Challenges we ran into
Working with complex environment scenes is challenging, both for the computer and for the artist behind it. Our first issue was dealing with bugs and incompatibilities between the Quixel Megascans library and the Unity HD Render Pipeline. We had to manually convert all textures into HDRP textures, and many plants simply would not work. This unfortunately limited our choices of foliage to a certain degree. The HDRP in Unity 2020 furthermore lacks broad-scale support for water shaders, which posed a significant challenge to our ability to deploy water in the scene as we saw fit. Finally, we used the Oculus Quest 2 for the first time, which required configuring and troubleshooting before working properly with the scene. We weren't quite sure if the Quest could handle scenes developed in the HDRP, but we were pleasantly surprised to find the device was significantly stronger than we anticipated. The only major problem we had with it was higher-than-usual levels of motion blur, which was at most a minor annoyance.
(The project is too big to be fully put in github. We were only able to put a partial part of our project in our github repo.)
Accomplishments that we're proud of
First and foremost, we are proud to have built a 3D environment in less than 2 days which is beautiful, functions properly, and is as large scale as we were able to make it. The Unity HDRP is exciting for any virtual artist, and being able to take advantage of it in this project was a pleasure.
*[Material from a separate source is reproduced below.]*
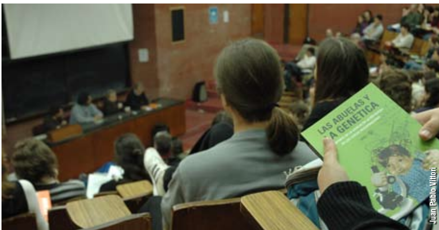
Cerca de 200 personas se reunieron en el aula 6 para participar de la presentación del libro "Las Abuelas y la genética: el aporte de la ciencia en la búsqueda de los chicos desaparecidos", La obra relata el recorrido que permitió llegar a obtener técnicas y herramientas para devolver la identidad a quienes sufrieron su robo durante la última dictadura.

Dentro de cada una de nuestras células existe un núcleo que contiene la información genética completa de todo nuestro organismo, codificado en el ADN nuclear. Y también dentro de cada una de nuestras células existe una gran cantidad de unas estructuras llamadas mitocondrias, que son las encargadas de proveer la energía necesaria para la actividad celular. Esas mitocondrias tienen, a su vez, un ADN propio que tiene una particularidad: se hereda únicamente por parte materna. Con esta consideración, se salvaron los dos obstáculos que complicaban la identificación.

We also got to build out an extensive scene with Quixel Megascans for the first time; we had never before attempted a project as large as this one. Lastly, we were proud to have worked on something new together, as many of our team members have not worked on similar projects before. Participating in Hack Violet was a learning experience which was well worth the effort. This is also our first project ever using Oculus Quest 2! It was really exciting to play with this news devices but it also came with its own challenges!
What we learned
Our team was able to significantly deepen our knowledge of Unity and the HDRP through this project. While most of us had experimented in some way with it, none of us had ever built as scene as robust as this one. Developing the landscape design, lighting, texturing, and working with the 3D models for the project was a large task (for which we have not yet slept), but it was a learning experience which we will certainly carry forward into the future. We learned how to optimize HDRP environments for Virtual Reality, specifically for the Oculus Quest 2. We also learned how to upgrade the texture from standard to HDRP. Several of us never used particle systems before and it was fascinating to learn how to draw in the air with sparkles of lights! We can see so many future use cases for that and we can’t sit to develop them in further Hackathons!
What's next for Monet’s Garden
The next step for Money’s garden is to provide customization of the environment. We briefly tried to work on that during the hackathon but there wasn’t enough Time to finish it. We’d also love to provide different scene options where the user chooses their favorite environment to meditate, and also choose from different guided meditation tracks.